まず「分子モーターと筋肉(アクチン/ミオシン)」。分子モーターのサイズになると、ブラウン運動にガンガン揺さぶられるのだそうだ。このスケールになると、通常の工学とまったく異なる概念で構造が作られているらしい。分子の羽根車に一方向のみのストッパー(ラチェット)を付けると、ブラウン運動によって偏りが生じて羽根車が回りだす。エネルギーは、むしろ回転を止めるために使われる。
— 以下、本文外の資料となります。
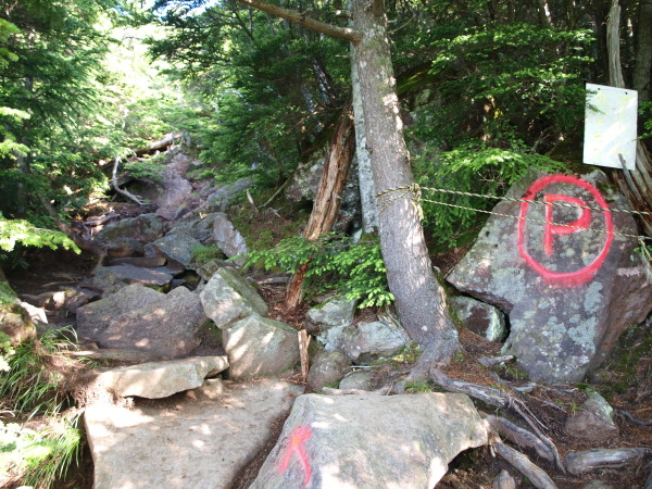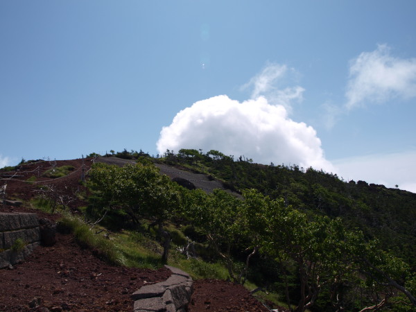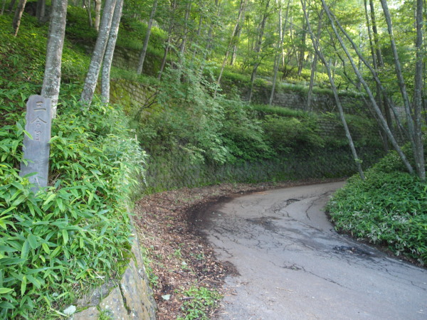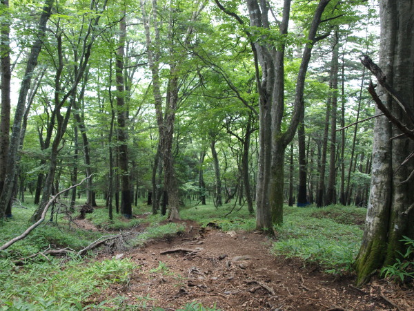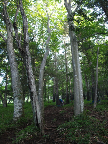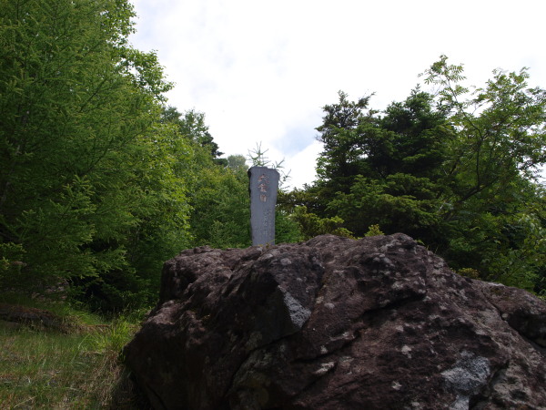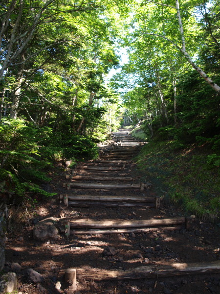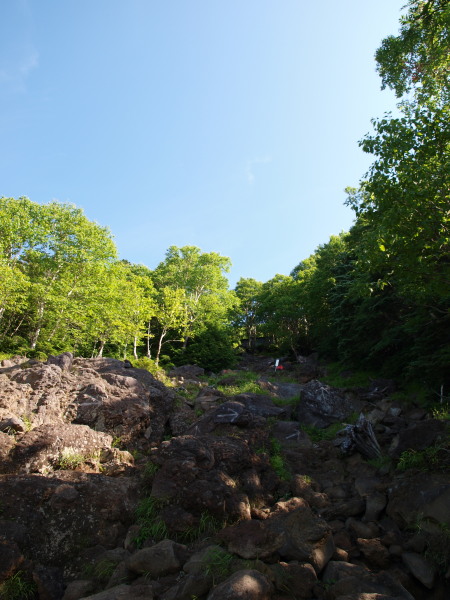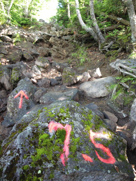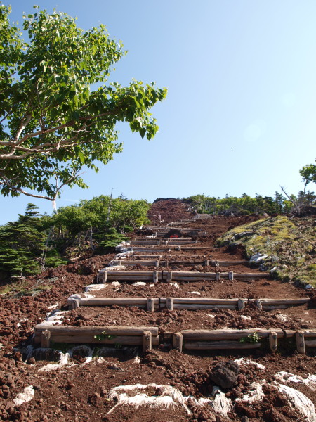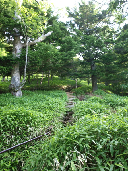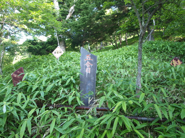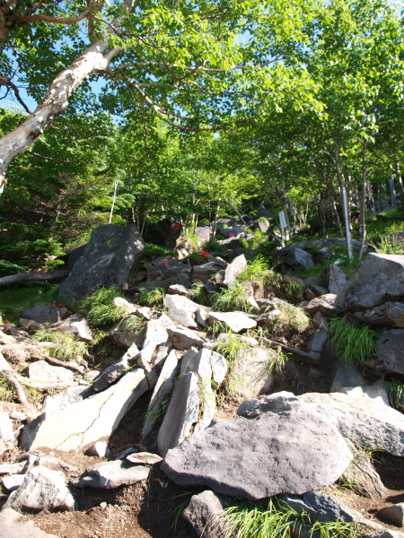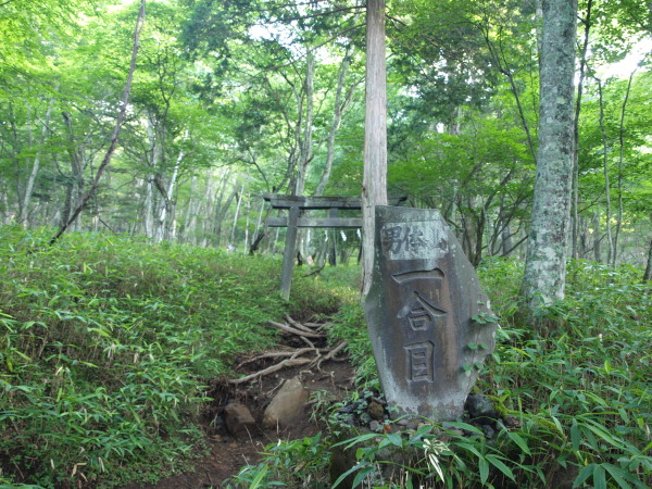 7:10 四合目。ここから再び山道へ。えぐれていて滑り易い道です。

この、「平均したノイズから生じた偏り」(言葉が正しいかどうかはわからない)みたいなものがもしかすると生命の本質ではないかとふと思ったりした。カネゴンは性急な結論が大好きなので。

ということは、スケールが変わっても(大でも小でも)、こうした平均からの偏りを生じさせる何らかの機構があれば、遠目に見たときに生命として活動するのではないか。コンピュータはそれ自体は「偏り」とはほど遠いが、ネットワークを形成したときにサイズ効果で偏りが生じるなら、それは生命の破片みたいなものになるかもしれない。それとも逆にそれを構成する要素に偏りが乏しかったら、いくらスケールが変わっても生命にはなりえなかったりして【やることあるだろおれカネゴン】。

よく考えたら、パスツールなんかも同じことを言ってたような気もする(酒石酸結晶の鏡像とか)。ただあちらは定性的というか化学反応上の話だが、分子モーターの場合は工学的な面が強い分、化学とは違う形でアプローチできそう。